Nest announced Monday that it is launching the Nest Developer Program. The program will assist other companies in integrating their own products with the Nest smart home system.

The company is seeking out home devices already capable of connecting over Wi-Fi and developing programs that allow them to communicate with the Nest Protect smoke and carbon monoxide detector and the Nest Learning Thermostat. Depending on the device involved, Nest could send information, accept commands, or a little of both. Nest is also working to build safeguards to ensure that these third-party devices can't detrimentally affect Nest systems.
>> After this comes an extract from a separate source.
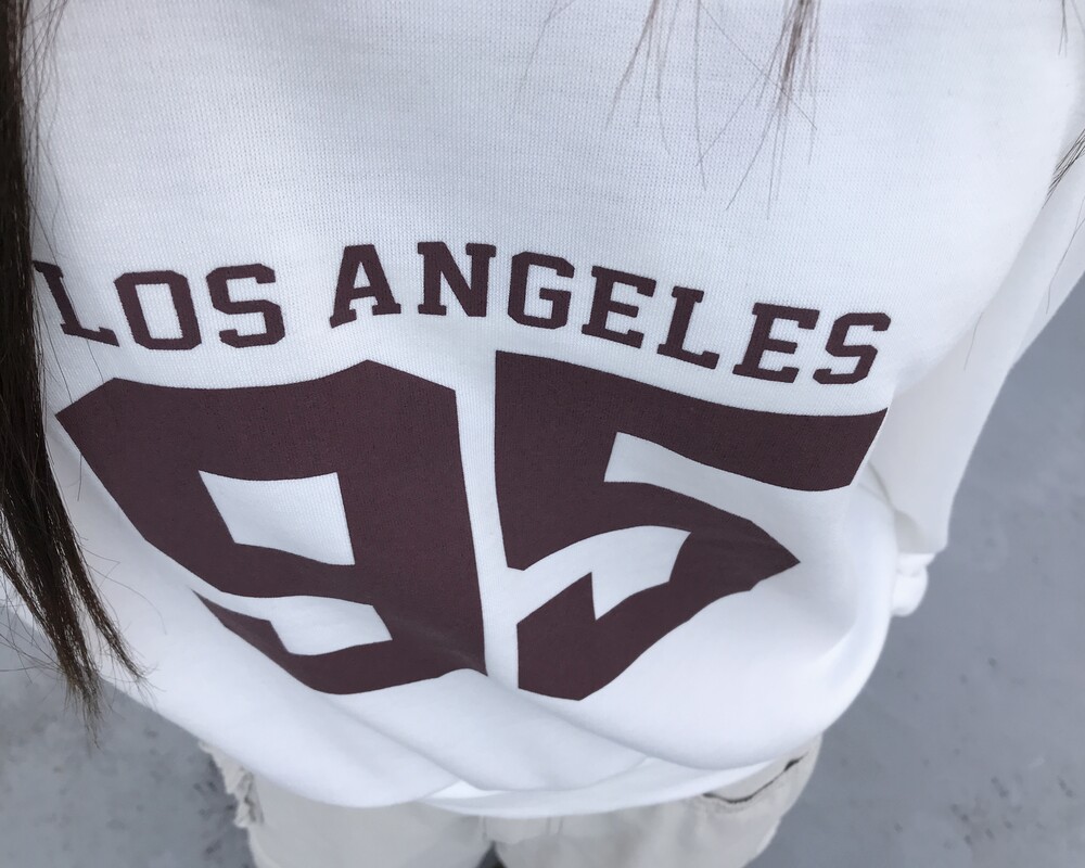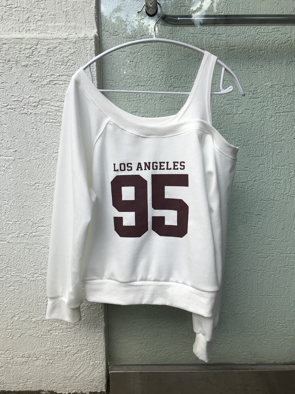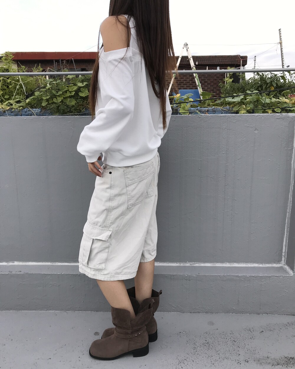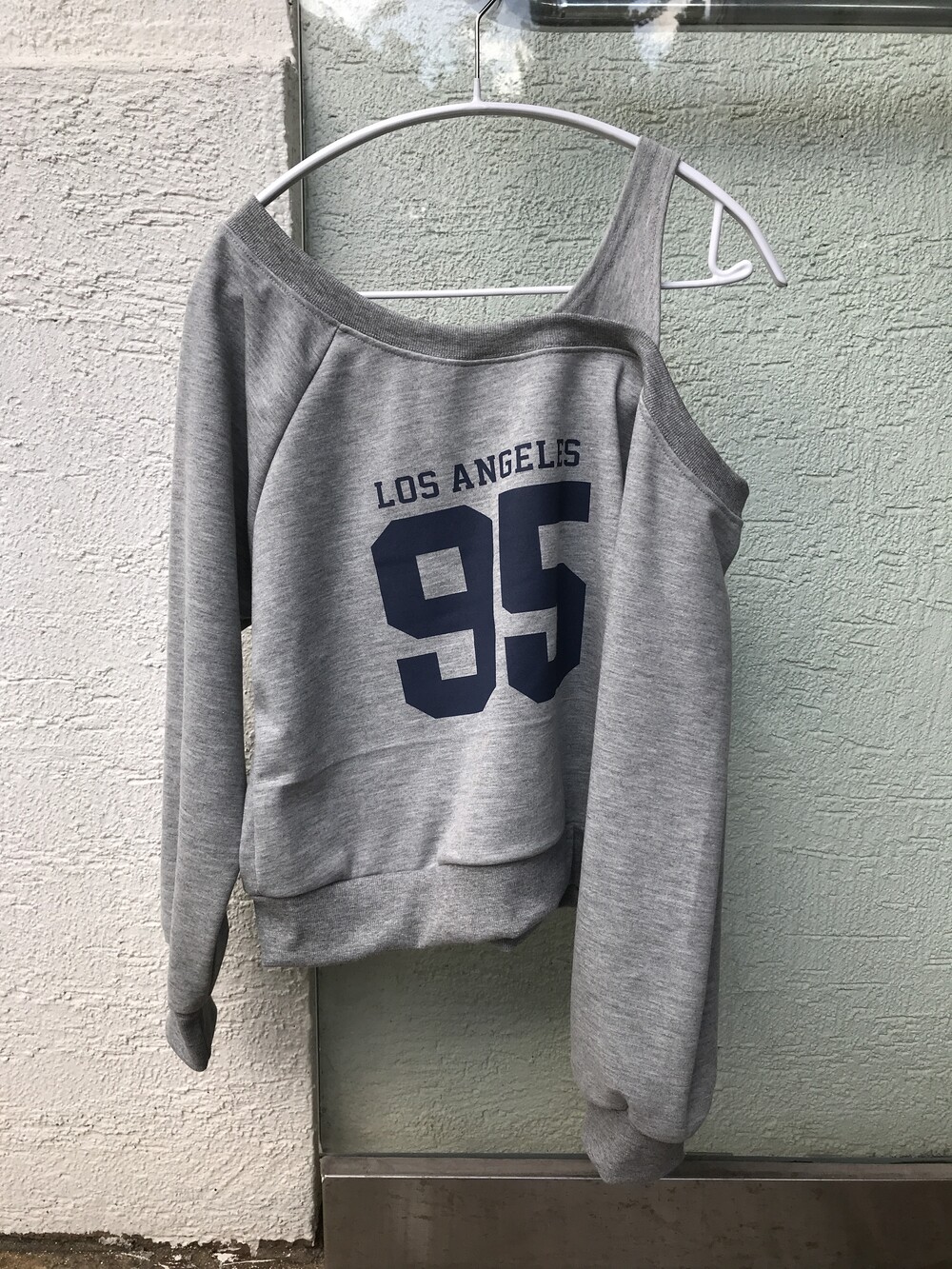 -캐주얼하면서도 스포티한 분위기의 오프숄더 맨투맨

For example, the Nest Learning Thermostat will limit the frequency at which the heating and cooling systems can be automatically turned on and off, preventing a bug in a third-party product from causing damage to the system.

"What we're doing is making it possible for your Nest devices to securely interact with the things you already use every day," Nest said in a statement. "Things like lights, appliances, fitness bands and even cars. Because when we make connections between these different parts of your life, we can create personalized experiences that do even more to keep you comfortable and safe."

Nest has already worked with several companies to develop connecting programs that are available now. Thanks to a partnership with Mercedes-Benz, the car can notify the Nest thermostat when the drive is due to arrive home. The thermostat can then turn on heating or cooling systems at exactly the right time to reach optimal temperature the moment the owner walks in the door.

Smart LED light bulbs made by LIFX are set up to receive commands from Nest Protect. The lights will change to red and flash in the event of an emergency, drawing attention to the situation even if the owner is hearing impaired or wearing headphones.

The Jawbone wristband can notify the Nest thermostat when the user falls asleep or wakes up, adjusting the temperature accordingly. Whirlpool Washers and dryers can switch to a slower energy-saving cycle when the homeowner is away. When connected to the Rush Hour Rewards program through a participating energy provider, the machines can also switch to power-saving mode during peak usage times to ease the strain on the power grid.

Nest will later be adding support for voice control through its parent company Google, and a partnership with Chamberlain garage door openers will automatically switch the thermostat to away mode when the owner leaves. No specific release date for these services has been announced, but customers should expect support to be added sometime this fall.